(To do): Repeat exactly, and only, the lines of the entries below from the one with "Diese Straight Leg" through the one with "海上风电市场的重心将从浅水区", both ends included.

----- Supplied records -----

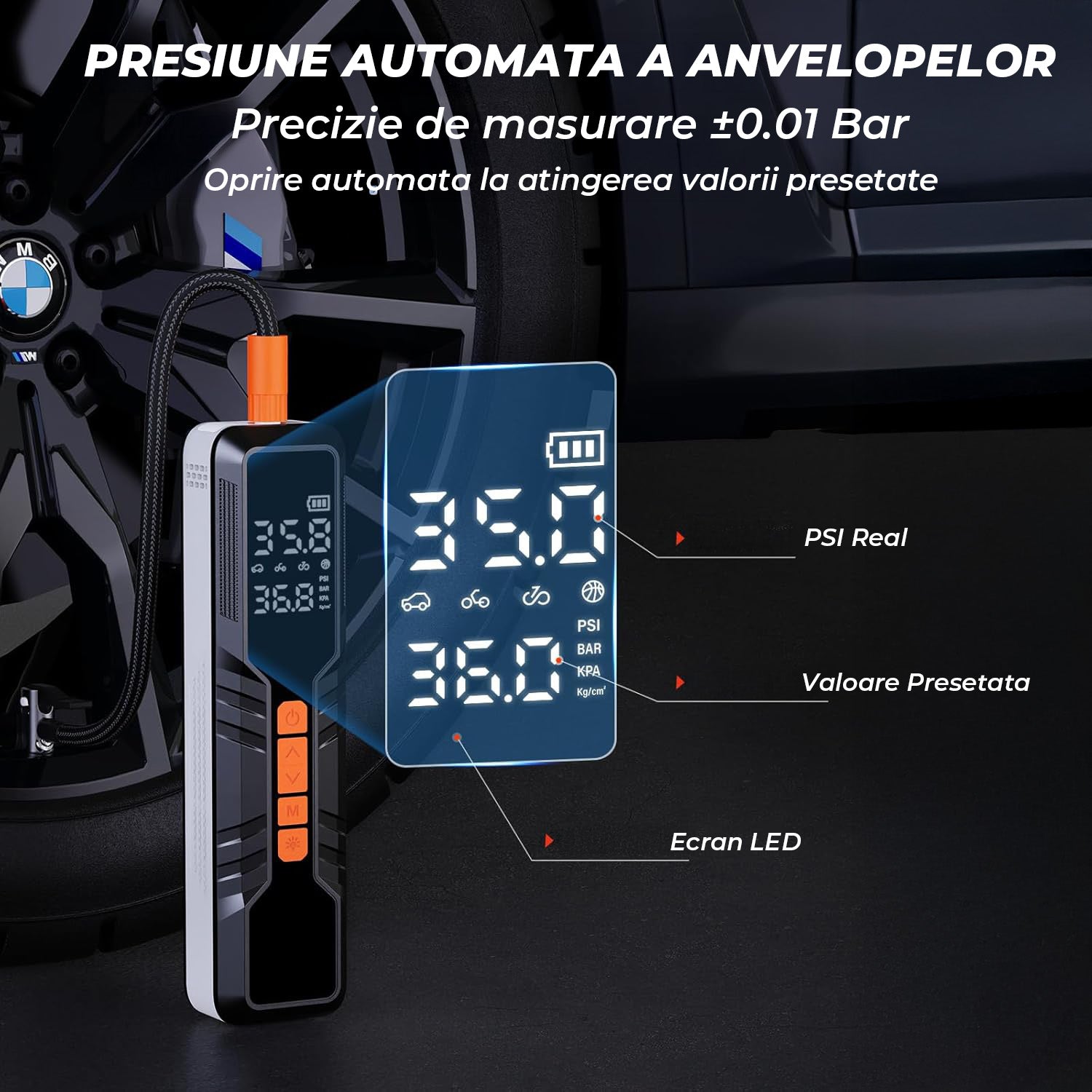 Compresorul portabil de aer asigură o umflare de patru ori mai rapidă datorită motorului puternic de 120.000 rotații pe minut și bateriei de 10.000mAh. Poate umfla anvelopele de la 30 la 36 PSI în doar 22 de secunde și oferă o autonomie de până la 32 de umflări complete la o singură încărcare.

-----
----- Supplied records -----

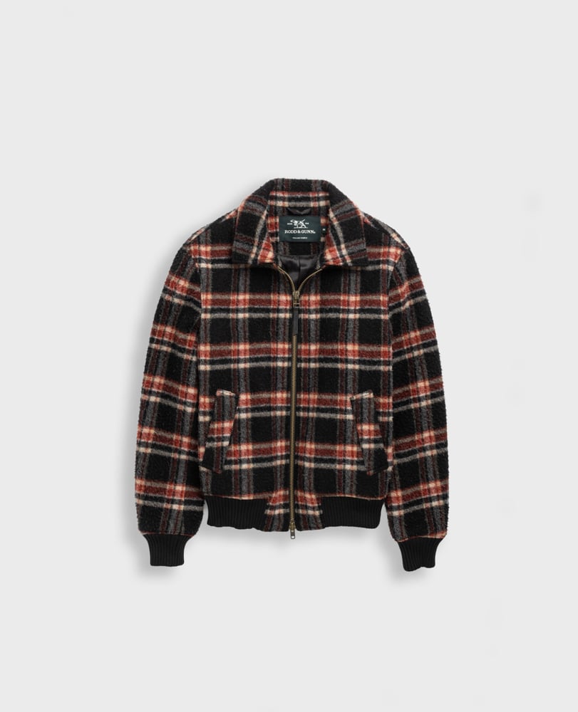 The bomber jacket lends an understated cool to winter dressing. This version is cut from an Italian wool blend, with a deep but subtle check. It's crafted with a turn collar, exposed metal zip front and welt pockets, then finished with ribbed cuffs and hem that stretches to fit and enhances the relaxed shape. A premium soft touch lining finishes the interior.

-----
----- Supplied records -----

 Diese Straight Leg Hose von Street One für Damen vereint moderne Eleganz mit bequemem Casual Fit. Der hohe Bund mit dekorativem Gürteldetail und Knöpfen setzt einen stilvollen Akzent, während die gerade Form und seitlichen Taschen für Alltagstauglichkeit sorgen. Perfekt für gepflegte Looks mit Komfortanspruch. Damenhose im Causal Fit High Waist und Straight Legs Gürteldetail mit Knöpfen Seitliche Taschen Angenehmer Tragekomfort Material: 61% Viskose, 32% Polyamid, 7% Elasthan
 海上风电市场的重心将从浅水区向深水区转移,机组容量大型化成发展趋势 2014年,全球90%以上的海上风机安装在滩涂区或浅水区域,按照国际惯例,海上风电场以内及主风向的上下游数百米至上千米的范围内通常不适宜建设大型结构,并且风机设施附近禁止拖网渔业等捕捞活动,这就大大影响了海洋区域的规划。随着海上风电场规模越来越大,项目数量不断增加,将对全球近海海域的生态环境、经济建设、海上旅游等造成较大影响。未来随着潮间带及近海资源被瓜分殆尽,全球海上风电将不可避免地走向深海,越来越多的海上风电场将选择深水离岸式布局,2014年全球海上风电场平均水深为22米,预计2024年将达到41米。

-----

(Finished task):
 Diese Straight Leg Hose von Street One für Damen vereint moderne Eleganz mit bequemem Casual Fit. Der hohe Bund mit dekorativem Gürteldetail und Knöpfen setzt einen stilvollen Akzent, während die gerade Form und seitlichen Taschen für Alltagstauglichkeit sorgen. Perfekt für gepflegte Looks mit Komfortanspruch. Damenhose im Causal Fit High Waist und Straight Legs Gürteldetail mit Knöpfen Seitliche Taschen Angenehmer Tragekomfort Material: 61% Viskose, 32% Polyamid, 7% Elasthan
 海上风电市场的重心将从浅水区向深水区转移,机组容量大型化成发展趋势 2014年,全球90%以上的海上风机安装在滩涂区或浅水区域,按照国际惯例,海上风电场以内及主风向的上下游数百米至上千米的范围内通常不适宜建设大型结构,并且风机设施附近禁止拖网渔业等捕捞活动,这就大大影响了海洋区域的规划。随着海上风电场规模越来越大,项目数量不断增加,将对全球近海海域的生态环境、经济建设、海上旅游等造成较大影响。未来随着潮间带及近海资源被瓜分殆尽,全球海上风电将不可避免地走向深海,越来越多的海上风电场将选择深水离岸式布局,2014年全球海上风电场平均水深为22米,预计2024年将达到41米。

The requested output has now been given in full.